You are entirely correct though regarding the origins of Oxygen and the process that caused it. However I can't figure out why you stated that as if you were arguing against something I said since I never said otherwise. Edit: Hrm on second thought I think it came from my mind thinking one thing and my typing saying another. When I said "lacking oxygen" I had meant "lacking CO2" which is what simple life forms process oxygen from. I apologize for the confusion.
As for the rarity of water or the newfound lack thereof... to the best of my knowledge they have yet to find that frozen water on mars but rather merely evidence which leads scientists to believe that water once existed on that planet (through the land appearrance similar to dried waterbeds on earth). As for Europa... last I heard it wasn't exactly water but rather was a unique form of liquid gas that would be inhospitable to life on Earth.
Quoting Shades of Green: The bottom line is that we know almost nothing about life, the conditions nescery for its formation, other planets, and other solar systems. The question of extraterrestrial life is an open one.
Again a case of being both right and wrong. We know almost everything vital for the creation of life and its continuation and advancement afterward. What we lack knowledge of is what was the instigator that caused life to suddenly spark from its base materials. You are very right in your statement in regards to celestial knowledge and the lack thereof. But you are wrong in stating that because of that the possibility of ET being open-ended.

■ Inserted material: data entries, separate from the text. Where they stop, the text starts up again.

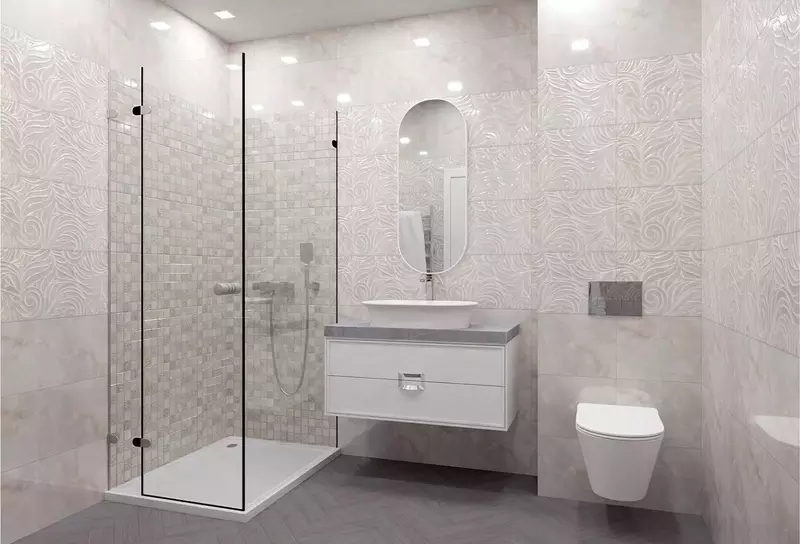 Как известно, крупноформатная плитка обладает рядом преимуществ. Благодаря минимальному количеству швов, она удачно вписывается в интерьер и создает впечатление монолитного покрытия. Такое покрытие можно использовать как заменитель фактурной штукатурки или обоев. Дизайнеры компании разработали необычайно красивую керамическую плитку с глянцевой поверхностью, имитирующую натуральный мрамор серого и бежевого цветов.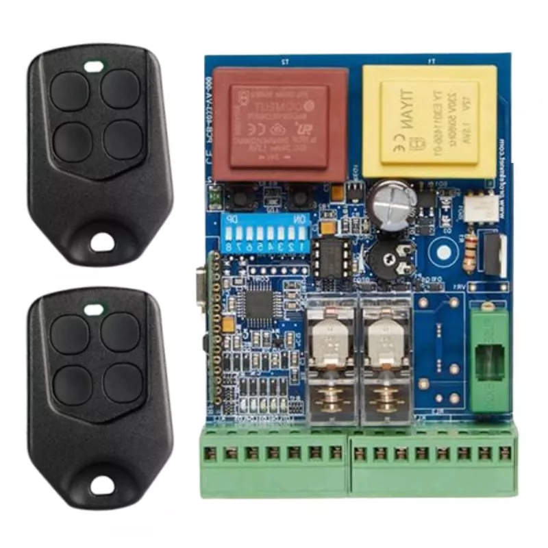 433,92MHz Κυλιόμενου κωδικού, καταχώρηση στη μνήμη έως 300 τηλεχειριστήρια, έξοδος κινητήρα έως 1200W, έξοδος για φωτοκύτταρα 24VAC, διπλό αυτόματο κλείσιμο, λειτουργία πεζού.
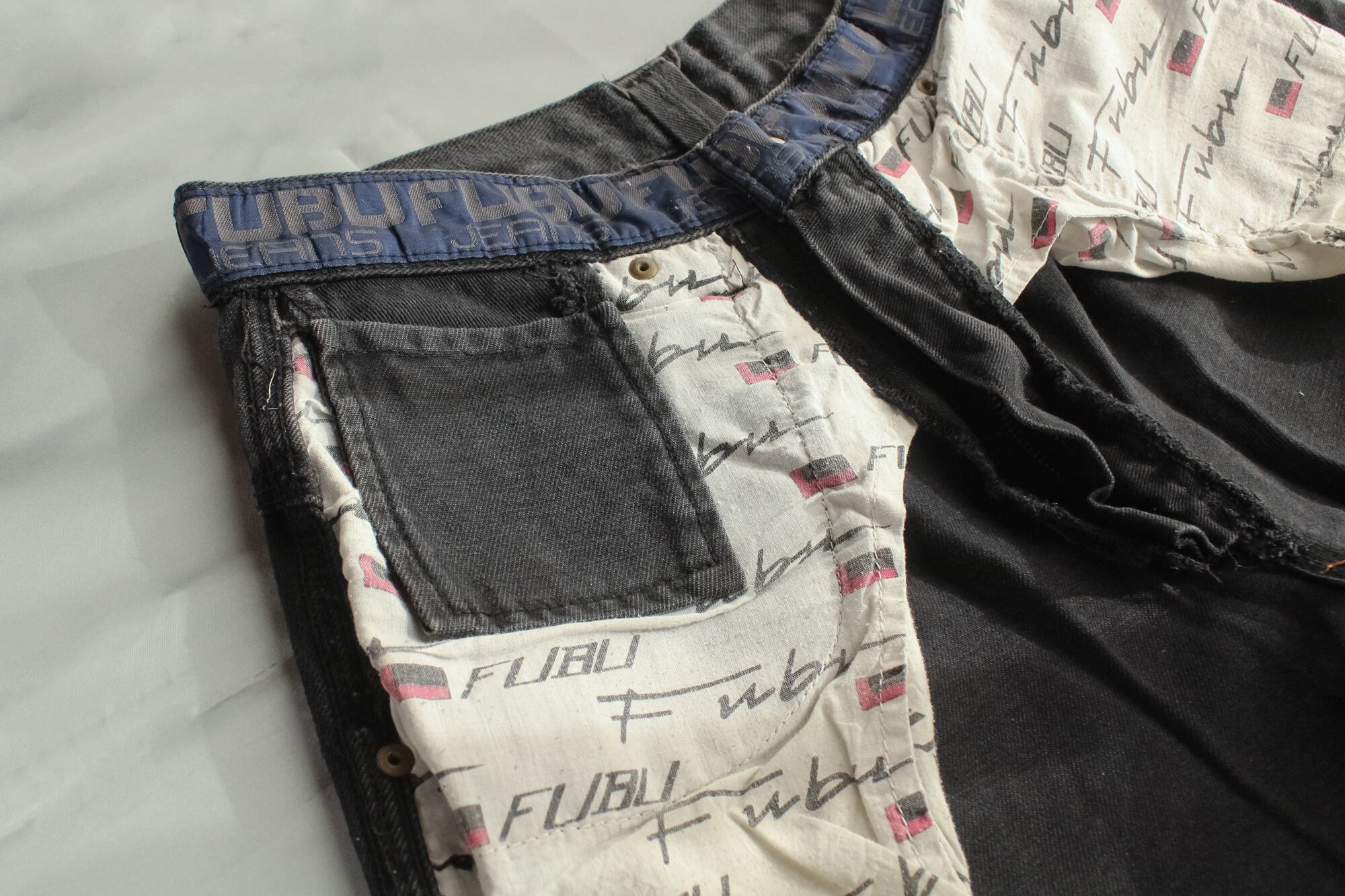 90s 00s FUBU baggy tempered black denim pants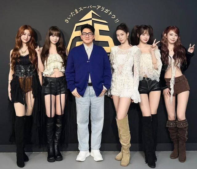 하이브 의장 방시혁이 르세라핌과 함께한 모습을 공개했다.

Suppose one were to willingly accept that every galaxy contained over 1000 star systems and each star system contained over 10 planets and allowed for an overly optimistic view of life on those planets and said that even half of those allowed for life in some form. At that point run a complex program that checks that life hosting planets. You know the drill... evolution, predation, gene dominancy, food supply, water supply, brain power, advancements in the right technologies and theories, etc. Then add a second program that took all remaining planets where life was and give them a random start date and space-capable/searchable length of existance along with the time requirred to reach destinations & wait for response. (For instance Carl Sagan's famous message is supposed to take 50k years for a response to be received back if there is even anyone/thing there to do so and can do so.) Then run a final program that has them randomly search the cosmos for other life without knowing exactly where to look (where even the slightest bit off can make the difference of reaching a system or passing it by)... then you tell me whether or not anyone actually contacted each other in your experiment.
It is far from an open and possible subject.